Chloe’s work is responsive to the aesthetics, sites, discourses and protocols of algorithmic systems as they appear in contemporary techno-culture. Often process-led and research-driven, her projects unfold across a range of media, from live participatory performances and interactive installations to video works and digital images.
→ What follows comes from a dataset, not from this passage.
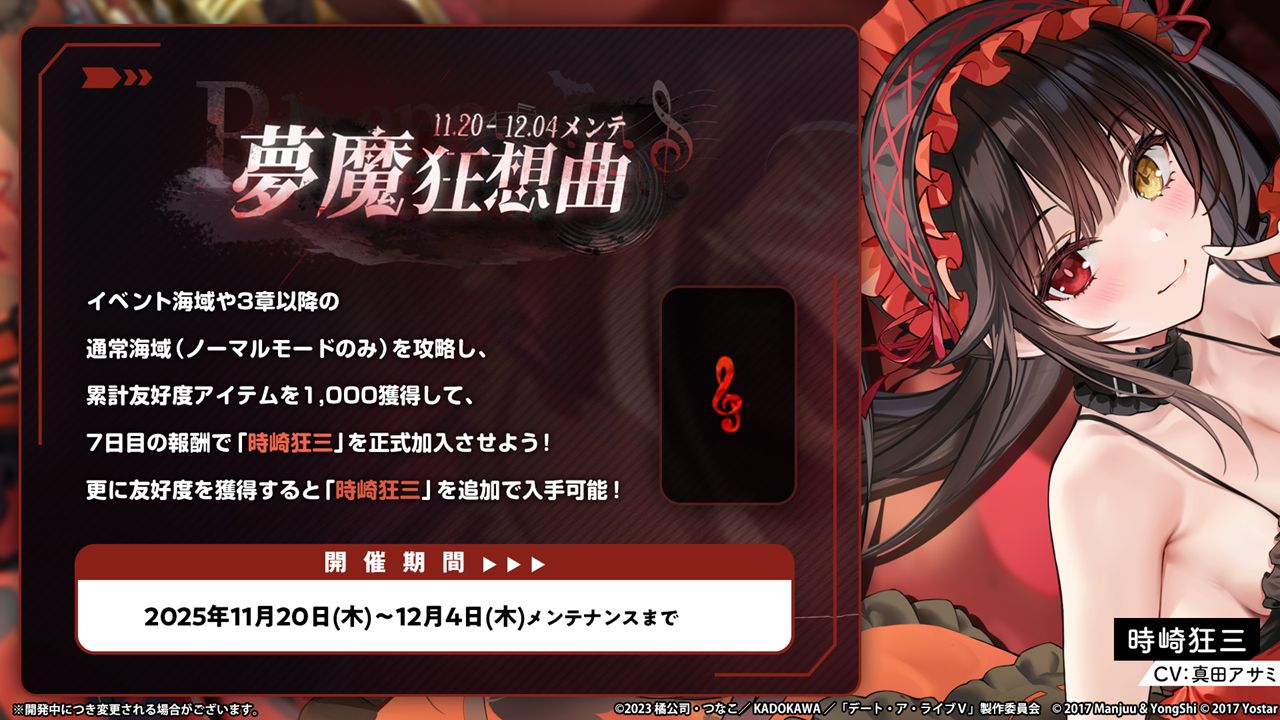 「アズールレーン」×「デート・ア・ライブV」コラボイベントがスタート。夜刀神十香をはじめとする7名がコラボ艦船として入手できる

She also regularly publishes written reflections as a way of communicating the methods, outcomes and conceptual frameworks underpinning her practice-based research.
Her work has been exhibited nationally and internationally, including Music of The Sails at the Sydney Opera House (2023–24), Practices of Prediction at the Academy of Fine Arts Munich (2025), Drawspace Gallery (2024), AD Space (2025, 2023), Prop Gallery Ashfield (2022), UNSW Galleries A&D Annual (2021), and the Hornsby Remagine Art Prize (2019).
Recent and upcoming projects include her long paper What Does it Mean to /IMAGINE with GenAI? at ISEA Seoul (2025), her selection for Umbra Chromatica at The Wrong Biennale’s Digital Pavilion (2025–28), and her recent workshops and talks, such as Disrupting AI Images at the Academy of Fine Arts Munich (2024) and her contribution to the Creative Technologies Research Lab seminar on synthetic images at UNSW (2025).
Chloe graduated with First Class Honours and the University Medal from UNSW in 2021. She is currently a casual tutor at UNSW and works across various research labs and projects as a research assistant.